**GIVEN INFORMATION**
Start of Block
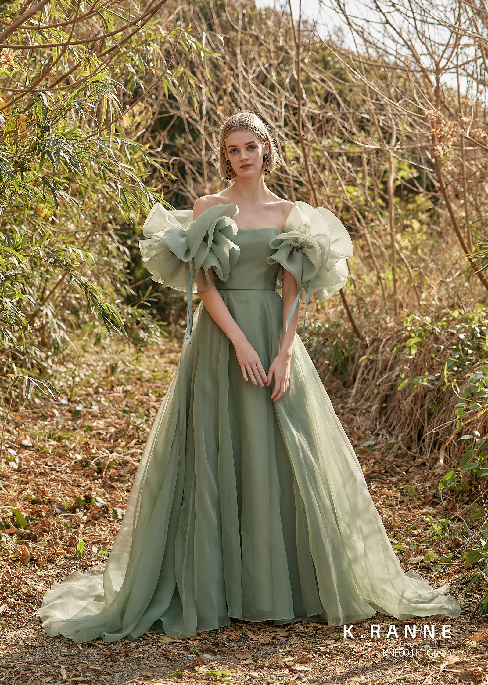 | オーガンジーのふわふわの袖に細リボンのアクセントを施した大人カラードレスです。 スカートにもオーガンジーをたっぷり使用したエアリーな1着になっています。 袖は取り外し可能です。 |
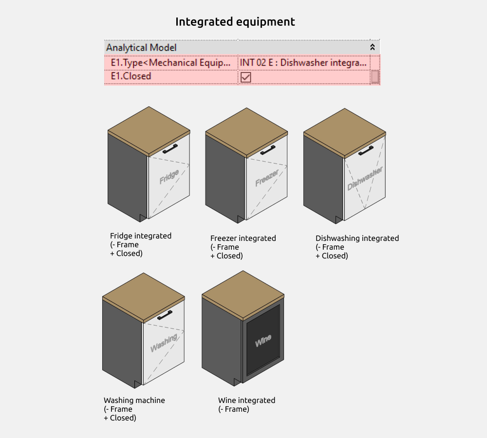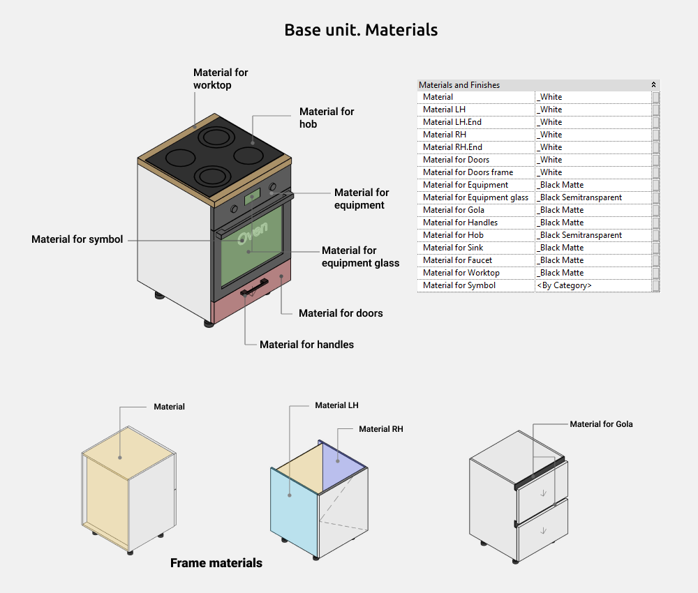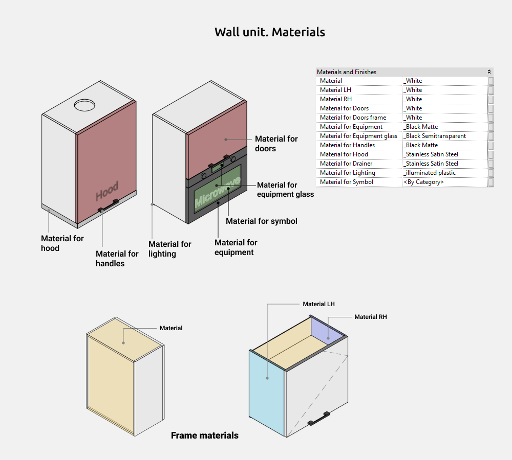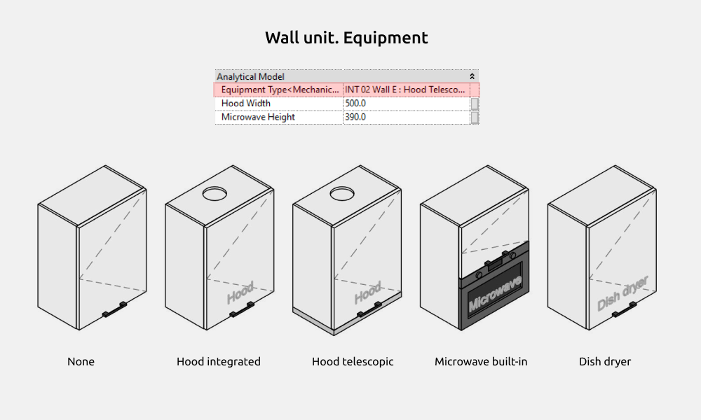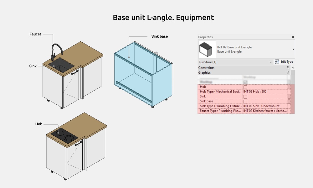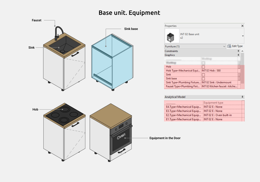 This set of Revit families is made for modeling a kitchen in Autodesk Revit.
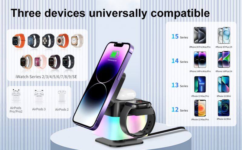 3-in-1 Wireless Charger With LED Nightlight 15W Fast Charge Multi-function Charging Support Devices ABS+ Metal Bracket
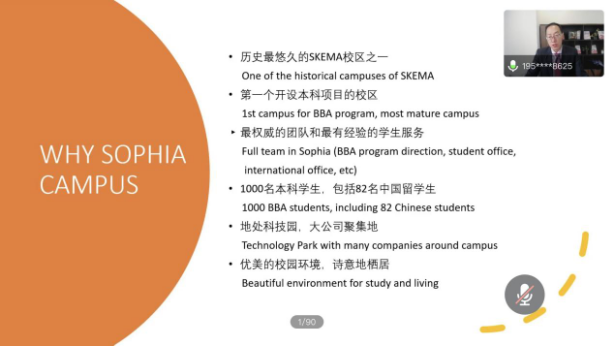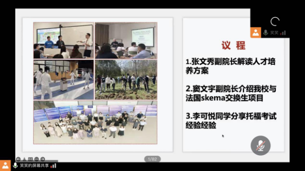 接着,窦文宇副院长向学生介绍了学院与SKEMA商学院共同提供的交换生项目机会。窦文宇院长通过自己的个人教学经历,鼓励学院学生积极参与海外交换学习。海外交换学习不仅能带来智力和认知上的提升,更是一个难忘的经历。他从师资力量、学期安排、社团支持、生活安全等各方面向同学们全面介绍了SKEMA商学院索菲亚校区的入学和生活方式。他希望更多国际学院的同学能够放下顾虑,积极参加交换生项目。
End of Block
Copy the listing character for character, pictures omitted.

 | オーガンジーのふわふわの袖に細リボンのアクセントを施した大人カラードレスです。 スカートにもオーガンジーをたっぷり使用したエアリーな1着になっています。 袖は取り外し可能です。 |
 This set of Revit families is made for modeling a kitchen in Autodesk Revit.
 3-in-1 Wireless Charger With LED Nightlight 15W Fast Charge Multi-function Charging Support Devices ABS+ Metal Bracket
 接着,窦文宇副院长向学生介绍了学院与SKEMA商学院共同提供的交换生项目机会。窦文宇院长通过自己的个人教学经历,鼓励学院学生积极参与海外交换学习。海外交换学习不仅能带来智力和认知上的提升,更是一个难忘的经历。他从师资力量、学期安排、社团支持、生活安全等各方面向同学们全面介绍了SKEMA商学院索菲亚校区的入学和生活方式。他希望更多国际学院的同学能够放下顾虑,积极参加交换生项目。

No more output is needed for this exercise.